◆ **YOUR OBJECTIVE**: From the listing that follows, reproduce only the lines from the one holding "何培信和于世伟共同为院史馆揭牌,于世伟代表中院党组致辞。" through the one holding "This paper investigates", both included, with no pictures.

◆ **TASK INPUTS**:
◇ ◇ ◇ ◇ ◇ ◇ ◇
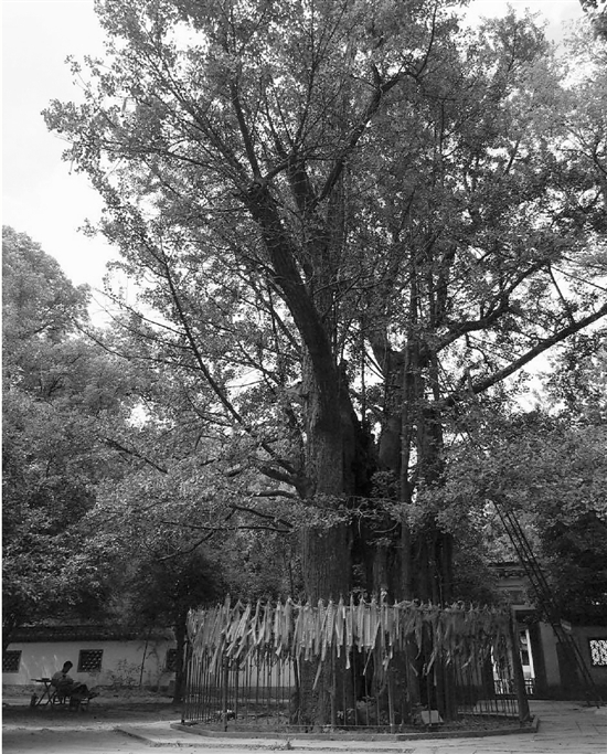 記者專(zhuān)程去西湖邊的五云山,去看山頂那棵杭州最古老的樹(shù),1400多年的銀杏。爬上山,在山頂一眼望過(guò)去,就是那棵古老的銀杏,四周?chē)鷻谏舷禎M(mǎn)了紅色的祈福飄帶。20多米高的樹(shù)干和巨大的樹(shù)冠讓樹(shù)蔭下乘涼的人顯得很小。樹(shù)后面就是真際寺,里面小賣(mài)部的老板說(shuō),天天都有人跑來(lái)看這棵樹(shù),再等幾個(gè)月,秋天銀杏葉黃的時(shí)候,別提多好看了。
◇ ◇ ◇ ◇ ◇ ◇ ◇
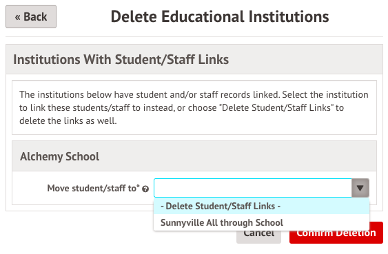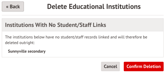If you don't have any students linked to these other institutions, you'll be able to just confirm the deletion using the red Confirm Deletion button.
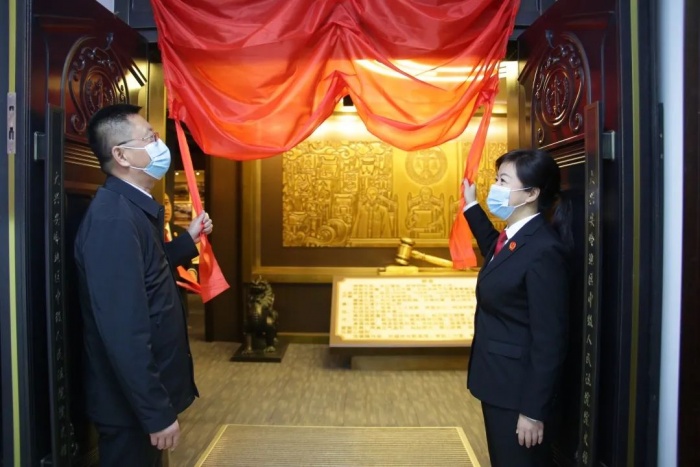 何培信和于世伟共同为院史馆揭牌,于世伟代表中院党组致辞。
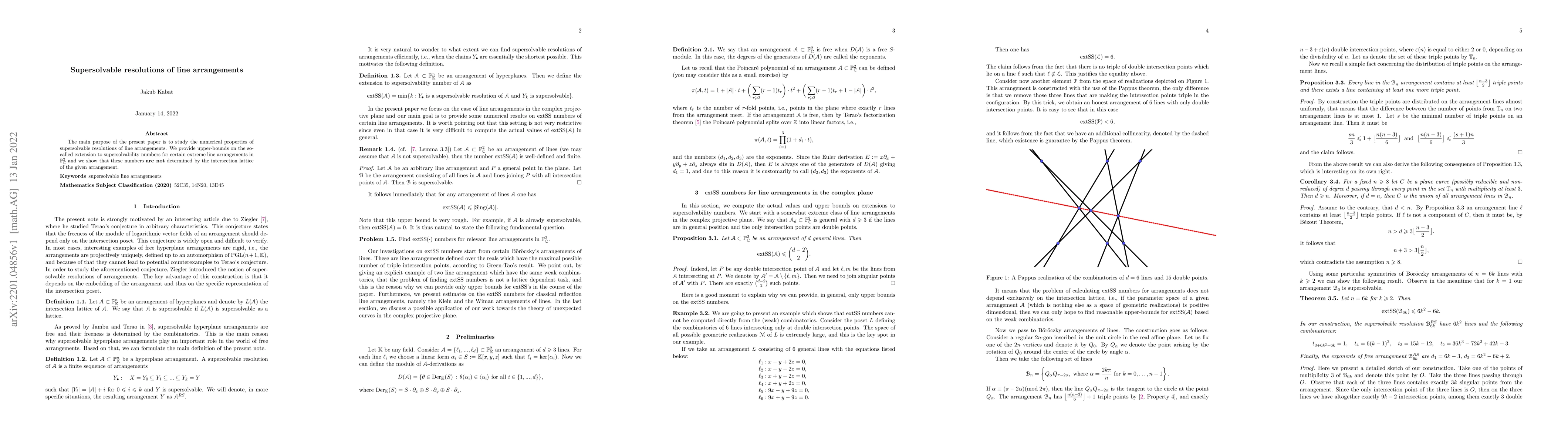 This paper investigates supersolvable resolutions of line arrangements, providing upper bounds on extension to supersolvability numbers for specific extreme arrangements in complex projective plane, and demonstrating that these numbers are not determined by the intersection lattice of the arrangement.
◇ ◇ ◇ ◇ ◇ ◇ ◇
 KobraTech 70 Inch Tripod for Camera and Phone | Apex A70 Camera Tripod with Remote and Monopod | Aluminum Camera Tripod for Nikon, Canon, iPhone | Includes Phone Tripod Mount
◇ ◇ ◇ ◇ ◇ ◇ ◇
◆ **REPLY**:
 何培信和于世伟共同为院史馆揭牌,于世伟代表中院党组致辞。
 This paper investigates supersolvable resolutions of line arrangements, providing upper bounds on extension to supersolvability numbers for specific extreme arrangements in complex projective plane, and demonstrating that these numbers are not determined by the intersection lattice of the arrangement.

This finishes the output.